--- INPUT Enclosed Below ---

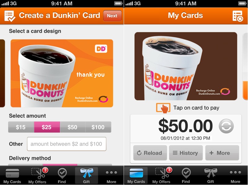 โดยการชำระเงินจะสามารถทำผ่านแอพพลิเคชัน Dunkin Donuts ซึ่งรองรับการใช้งานบนระบบปฏิบัติสมาร์ทโฟนยอดนิยมอย่าง Android และ iOS ซึ่งลูกค้าสามารถชำระเงินค่าอาหารและเครื่องดื่มได้ตามร้านสาขาได้ทั่วสหรัฐฯ ซึ่งงานนี้ลูกค้าจะสามารถสแกนรายการสินค้าจากบาร์โค้ดด้วยแอพฯ และจ่ายเงินได้ง่ายๆ ที่จุดจ่ายเงินเลย
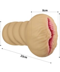 The designed textured tunnel on the inside features lateral ridges, bumps and nubs throughout the whole length which mimics the texture of a vagina. The masturbator is easy to clean, simply flush the channel directly with running water and wipe the masturbator dry.
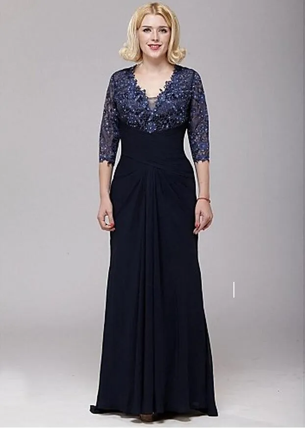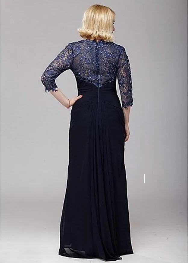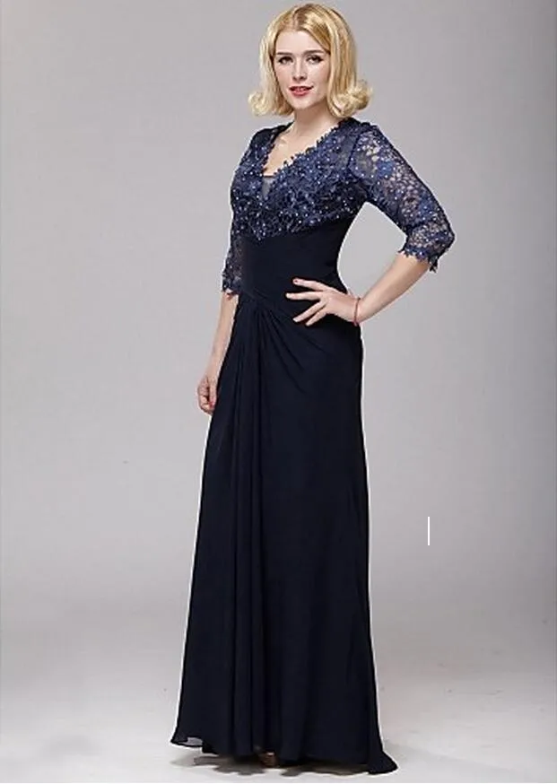 Sheath V-neck A-line Lace and Chiffon Mother of the Bride/ Groom Dress 3/4 Sleeve Floor Length Mother's Dresses
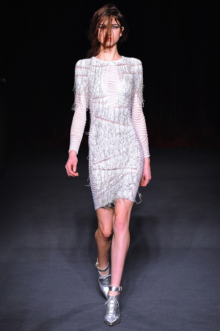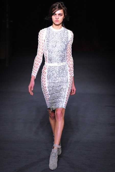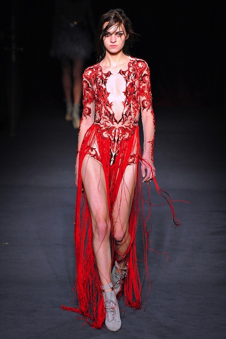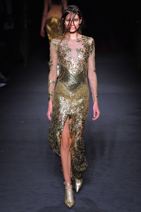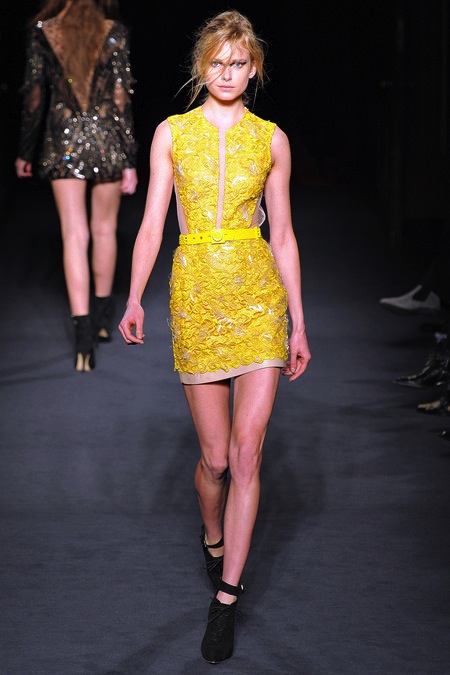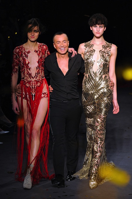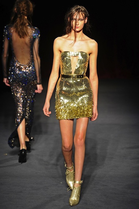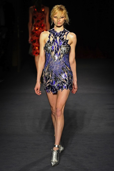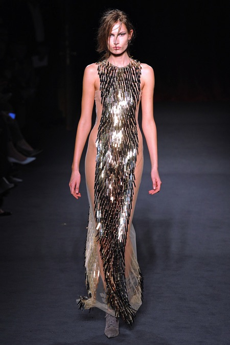 Julien Macdonald's Fall/Winter 2013 was sleek, sexy and glamorous. It consisted of sequined mini dresses to red carpet ready gowns in a sultry mix of gunmetal, gold, silver, red, blue, yellow, creme and black.
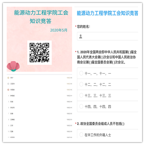 此次知识竞答活动在问卷星上进行,答题前教职工需自学两会精神、习近平总书记视察山西重要讲话精神、《新型冠状病毒感染的肺炎疫情防控知识手册》等内容,方可参加答题活动。在线答题过程中,系统生成20道题目,若回答错误,会弹出正确答案,以帮助教职工在线学习。这种活动形式受到大家普遍欢迎,全院共有53名教职工参与答题,90%的教职工答题成绩优秀,获得了一份纪念品。活动还根据最终答题成绩和用时情况评选出前三名。

--- End of Enclosed INPUT ---

BRIEF: What must be output is the exact run of lines from the one holding "The designed textured" through the end of the entries above, both ends included, minus the pictures.

RESPONSE AREA:
 The designed textured tunnel on the inside features lateral ridges, bumps and nubs throughout the whole length which mimics the texture of a vagina. The masturbator is easy to clean, simply flush the channel directly with running water and wipe the masturbator dry.
 Sheath V-neck A-line Lace and Chiffon Mother of the Bride/ Groom Dress 3/4 Sleeve Floor Length Mother's Dresses
 Julien Macdonald's Fall/Winter 2013 was sleek, sexy and glamorous. It consisted of sequined mini dresses to red carpet ready gowns in a sultry mix of gunmetal, gold, silver, red, blue, yellow, creme and black.
 此次知识竞答活动在问卷星上进行,答题前教职工需自学两会精神、习近平总书记视察山西重要讲话精神、《新型冠状病毒感染的肺炎疫情防控知识手册》等内容,方可参加答题活动。在线答题过程中,系统生成20道题目,若回答错误,会弹出正确答案,以帮助教职工在线学习。这种活动形式受到大家普遍欢迎,全院共有53名教职工参与答题,90%的教职工答题成绩优秀,获得了一份纪念品。活动还根据最终答题成绩和用时情况评选出前三名。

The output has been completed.